(Data excerpts)
§ §
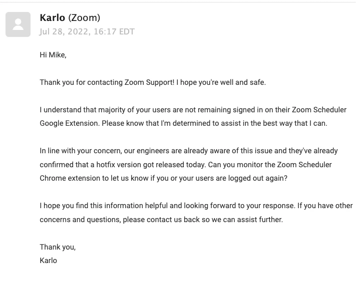 I received an update from Zoom support.
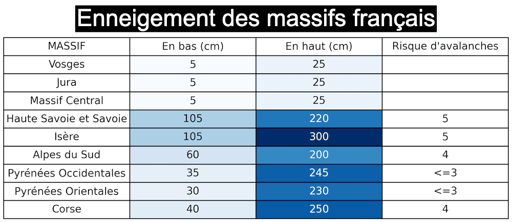 Les quantités sont en général comprises entre 200 et 300 cm en haut des pistes, là aussi des valeurs particulièrement élevées.
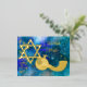 Customize the text on the back of the card to add your own words of blessing and good wishes for the New Year. Buy the cards in bulk to send to your family and friends. The real gold foil of this card adds a touch of class and elegance befitting with these holy days. The gold foil accents and vivid color printing of this card is so impressive that many choose to frame these cards and display them during the holiday season. L'shanah Tovah!
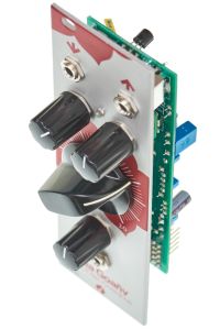 This boutique module is hand-wired, has a beautful laser-etched perspex faceplate and the big cutoff knob is vintage. As the module is inductor based it can easily pick up hum and electric fields so keep it away from the power supply transformer.
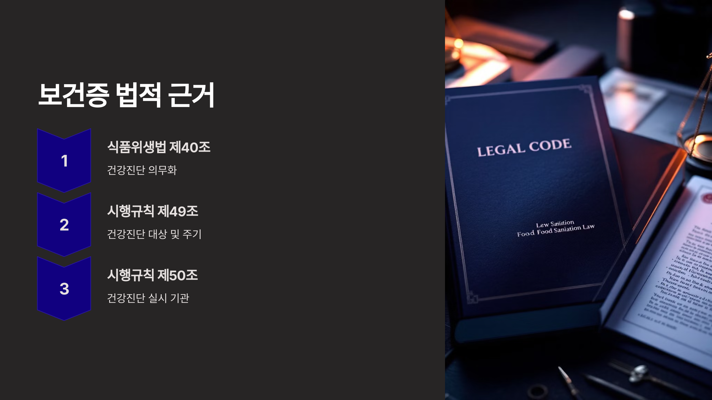 - 📜 식품위생법 제40조: 식품 및 위생 관련 업종 종사자는 정기적으로 건강진단을 받아야 함.
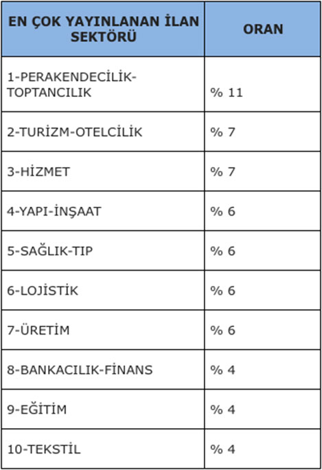 Ekim ayında en çok ilan veren turizm-otelcilik sektörü, yaz aylarına göre eleman ihtiyacı azalsa da ikinci sırada yer aldı. Hizmet, sağlık ve lojistik sektörlerinde ise eleman arayışının arttığı gözlendi. Hizmet sektörü 7.sıradan ekimde 3. sıraya yükseldi. Bankacılık-finans, 12. sıradan 8’e yükselerek en fazla iş ilanı veren ilk 10 sektör arasında yer aldı.
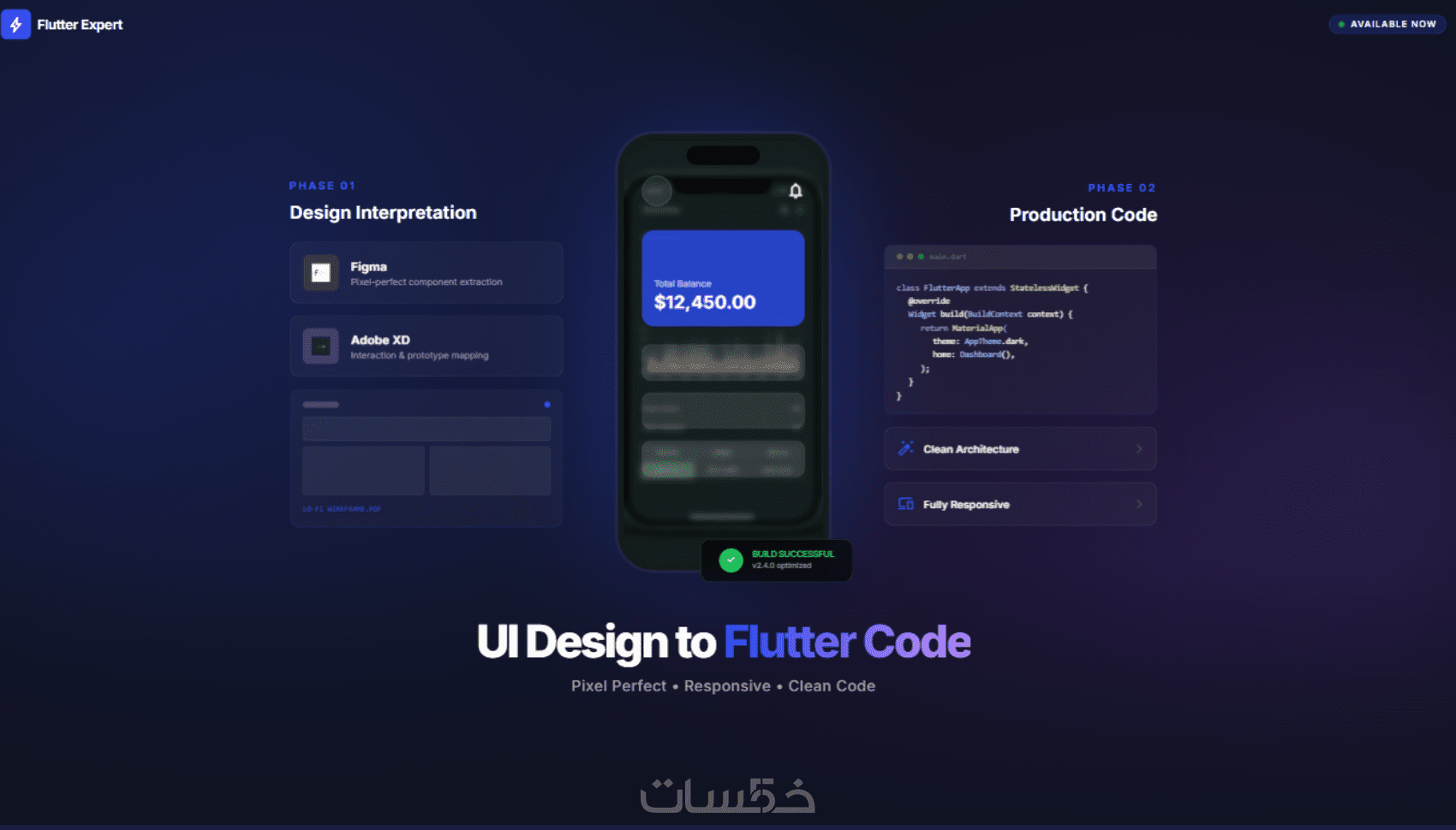 تحويل تصميم UI إلى تطبيق Flutter احترافي مع كود نظيف ودعم فني
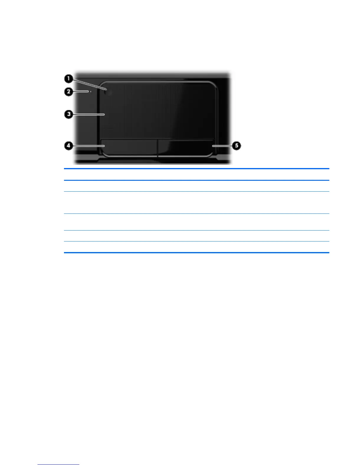 (1) TouchPad on/off button Turns the TouchPad on or off.
§ §
* **EXERCISE AIM**:
Please restate the data word for word, leaving out any picture it holds.

* **SOLUTION TO THE EXERCISE**:
 I received an update from Zoom support.
 Les quantités sont en général comprises entre 200 et 300 cm en haut des pistes, là aussi des valeurs particulièrement élevées.
 Customize the text on the back of the card to add your own words of blessing and good wishes for the New Year. Buy the cards in bulk to send to your family and friends. The real gold foil of this card adds a touch of class and elegance befitting with these holy days. The gold foil accents and vivid color printing of this card is so impressive that many choose to frame these cards and display them during the holiday season. L'shanah Tovah!
 This boutique module is hand-wired, has a beautful laser-etched perspex faceplate and the big cutoff knob is vintage. As the module is inductor based it can easily pick up hum and electric fields so keep it away from the power supply transformer.
 - 📜 식품위생법 제40조: 식품 및 위생 관련 업종 종사자는 정기적으로 건강진단을 받아야 함.
 Ekim ayında en çok ilan veren turizm-otelcilik sektörü, yaz aylarına göre eleman ihtiyacı azalsa da ikinci sırada yer aldı. Hizmet, sağlık ve lojistik sektörlerinde ise eleman arayışının arttığı gözlendi. Hizmet sektörü 7.sıradan ekimde 3. sıraya yükseldi. Bankacılık-finans, 12. sıradan 8’e yükselerek en fazla iş ilanı veren ilk 10 sektör arasında yer aldı.
 تحويل تصميم UI إلى تطبيق Flutter احترافي مع كود نظيف ودعم فني
 (1) TouchPad on/off button Turns the TouchPad on or off.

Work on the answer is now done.